Influence of Outdoor Bronze Alloying Elements on the Performances of a Biological Treatment

In the last decade, conservation research emphasized ecofriendly and sustainable approaches that could offer advantages in terms of durability, compatibility and safety. For example, a fungal treatment based on the use of a specific strain of Beauveria bassiana was proposed to convert soluble and/or active bronze corrosion products into oxalates. In the case of bronze exposed to acid rain, these oxalates would improve the long-term stabilization of the corrosion patinas due to their high insolubility. The aim of this study is to proof-test biological treatment for different bronze alloys and artificial patinas used in art and architecture. It is important to take into account that corrosion of bronze differs from that of pure copper due to the presence of additional alloying elements. In outdoor environments in particular, selective decuprification leads to a relative enrichment of tin in the corrosion layers. Understanding the influence of alloying elements on the interaction between the alloy and the protective layer is thus essential for setting up effective conservation treatments. In the present work, several pre-patinated bronze coupons were treated with a novel biological system based on Beauveria bassiana and the performance was evaluated.

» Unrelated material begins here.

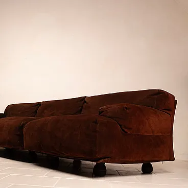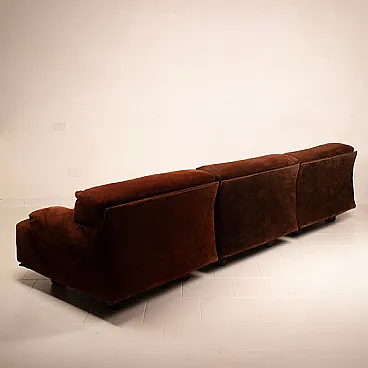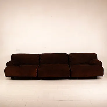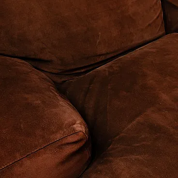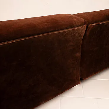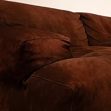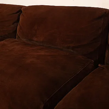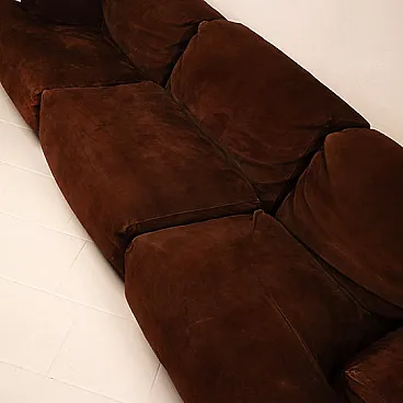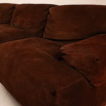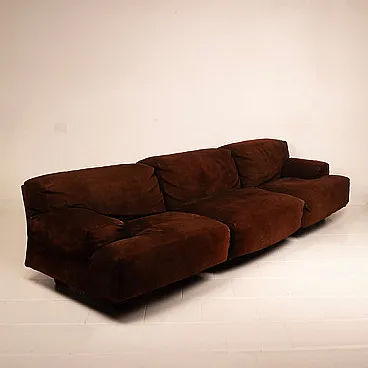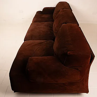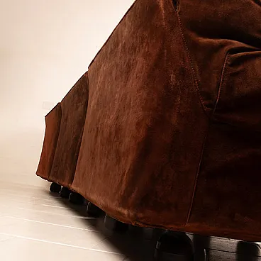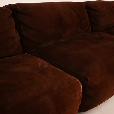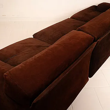 A wonderful "Flanders" sofa designed by Vico Magistretti and produced by Cassina in the 70s. The sofa presents itself in the extraordinary version lined with dark brown suede in excellent original conditions. "Fodra" is a project by Vico Magistretti put into production by Cassina in 1975, consisting of elements of session with simple lines and whose name evokes the "flat country", its solid trade and its precious fabrics, transferring the idea of solidity in the comfort of the sessions and preciousness in the variety of coatings that ranged from classic canvas to leather, wool and velvet. The sofa consists of modular elements and the coating of feather cushions, fixed by hinges, is removable. This design is characterized by its simplistic and round edges that can be seen in the form of the padding that underlines the clear structured design. In addition, this sofa was designed to offer maximum comfort thanks to the thick cushions and large sessions. The "Fodra" sofa by Vico Magistretti is a modular system that allows you to add elements, including the corners, to create the sofa of the dimensions you want.

The results of the laboratory tests will be presented on different bronze alloys: binary 90Cu/10Sn, ternary 90Cu/8Sn/2Pb, quaternary 85Cu/Sn5/Zn5/Pb5 coated with an artificial copper sulfate patina and quaternary bronze alloy (UNS C83600, 85Cu/Sn5/Zn5/Pb5) patinated with a tin enrichment obtained by artificial ageing. In particular, this contribution will help in better understanding the response of outdoor bronze monuments in unsheltered (i.e. exposed to runoff) and sheltered areas to the biological treatment proposed, as well as to extend the application of biopatina to other metal surfaces used in contemporary art.